La saison des tournages au Québec expose aussi les équipes à des conditions climatiques changeantes. Les journées de tournage dépassent fréquemment dix à douze heures, parfois de nuit, ce qui perturbe le sommeil et augmente le risque d'erreurs et de blessures. La fatigue accumulée diminue la vigilance et la coordination, deux facteurs directement liés aux accidents de travail.

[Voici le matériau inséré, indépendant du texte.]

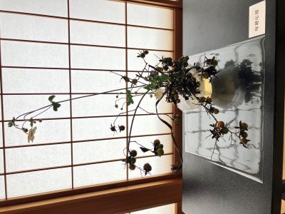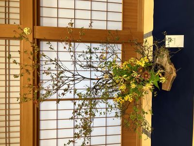 逆光でゴメンナサイ。ロウヤ柿と、シュウメイギクが使われた作品(塚越応駿 作)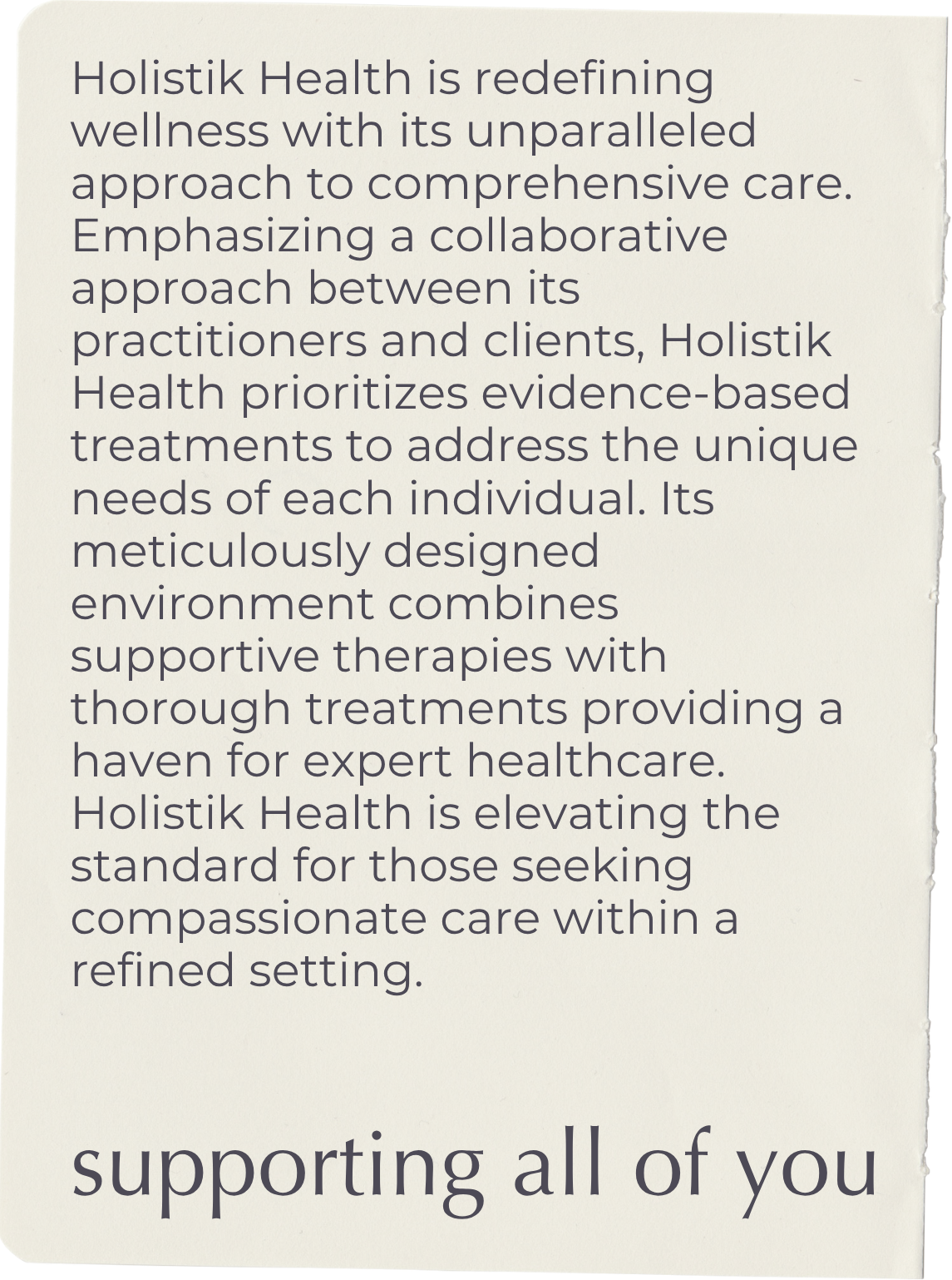 Holistik Health’s positioning statement is at the heart of this rebrand, reinforcing their dedication to evidence-based treatments and a collaborative approach between practitioners and clients. By providing a sanctuary for expert healthcare, Holistik Health is redefining wellness and ensuring that every client’s unique needs are met with the utmost care.

Un professionnel de la santé peut aider à reconnaître les signes d'épuisement et à mettre en place des stratégies simples : hydratation régulière, protection contre le froid, étirements avant les scènes physiques, gestion du sommeil entre deux journées de tournage. Ces conseils, adaptés à chaque personne, valent particulièrement pour les figurants occasionnels qui ne sont pas habitués au rythme d'un plateau.

Vos droits en cas d'accident

Un accident survenu pendant le travail sur un plateau peut ouvrir droit à une indemnisation. La CNESST prévoit un régime de réparation pour les lésions professionnelles, mais encore faut-il que l'incident soit correctement documenté. Le premier réflexe doit être médical : consulter sans tarder un médecin, faire consigner la blessure et conserver le rapport. C'est ce document qui établira le lien entre la lésion et le tournage.

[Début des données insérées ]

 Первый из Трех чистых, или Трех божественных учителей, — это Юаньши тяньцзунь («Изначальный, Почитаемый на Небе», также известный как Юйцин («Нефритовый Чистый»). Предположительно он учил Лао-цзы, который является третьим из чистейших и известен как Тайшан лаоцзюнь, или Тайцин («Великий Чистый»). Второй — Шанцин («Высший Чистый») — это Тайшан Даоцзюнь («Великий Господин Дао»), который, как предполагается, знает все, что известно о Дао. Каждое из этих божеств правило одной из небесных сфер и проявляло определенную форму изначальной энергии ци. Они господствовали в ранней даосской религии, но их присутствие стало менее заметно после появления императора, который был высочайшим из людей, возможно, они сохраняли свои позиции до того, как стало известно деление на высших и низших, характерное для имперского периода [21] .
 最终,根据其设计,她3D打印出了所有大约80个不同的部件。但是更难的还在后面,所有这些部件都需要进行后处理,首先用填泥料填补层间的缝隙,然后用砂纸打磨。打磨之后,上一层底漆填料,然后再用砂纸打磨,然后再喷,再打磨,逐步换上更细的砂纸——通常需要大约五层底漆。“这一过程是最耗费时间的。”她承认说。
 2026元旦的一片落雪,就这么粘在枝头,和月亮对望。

Un suivi médical rigoureux protège la santé du travailleur, mais il constitue aussi la preuve la plus solide en cas de démarche d'indemnisation. Négliger la consultation initiale, c'est risquer de se retrouver, des semaines plus tard, avec une douleur persistante et aucun document pour l'expliquer.

Quand consulter un expert

Que l'on soit figurant pour la première fois ou technicien chevronné, quelques principes valent pour toute la saison 2026. Ne jamais ignorer une douleur qui s'installe. Consulter un médecin dès qu'un symptôme dépasse le simple inconfort passager. S'informer, avant même le premier jour de tournage, des consignes de sécurité de la production.

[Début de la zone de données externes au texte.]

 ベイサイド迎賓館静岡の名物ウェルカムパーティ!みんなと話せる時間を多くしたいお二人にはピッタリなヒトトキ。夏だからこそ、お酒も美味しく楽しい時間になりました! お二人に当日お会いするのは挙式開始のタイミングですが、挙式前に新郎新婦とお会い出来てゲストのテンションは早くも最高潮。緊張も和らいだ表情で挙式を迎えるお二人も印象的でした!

Un médecin, un physiothérapeute ou un professionnel de la santé au travail peut évaluer une blessure, orienter vers les bons examens et prévenir les complications. Sur Expert Zoom, il est possible de trouver rapidement un professionnel de la santé pour obtenir un avis, poser ses questions et savoir si une consultation en personne s'impose.

Le cinéma québécois se porte bien, et c'est une excellente nouvelle pour l'emploi culturel. Mais aucun rôle, aussi bref soit-il, ne vaut la peine de compromettre sa santé. Sur un plateau comme ailleurs, prévenir reste toujours plus simple que guérir.

Cet article est fourni à titre informatif et ne remplace pas un avis médical personnalisé. En cas de blessure ou de symptôme préoccupant, consultez un professionnel de la santé qualifié.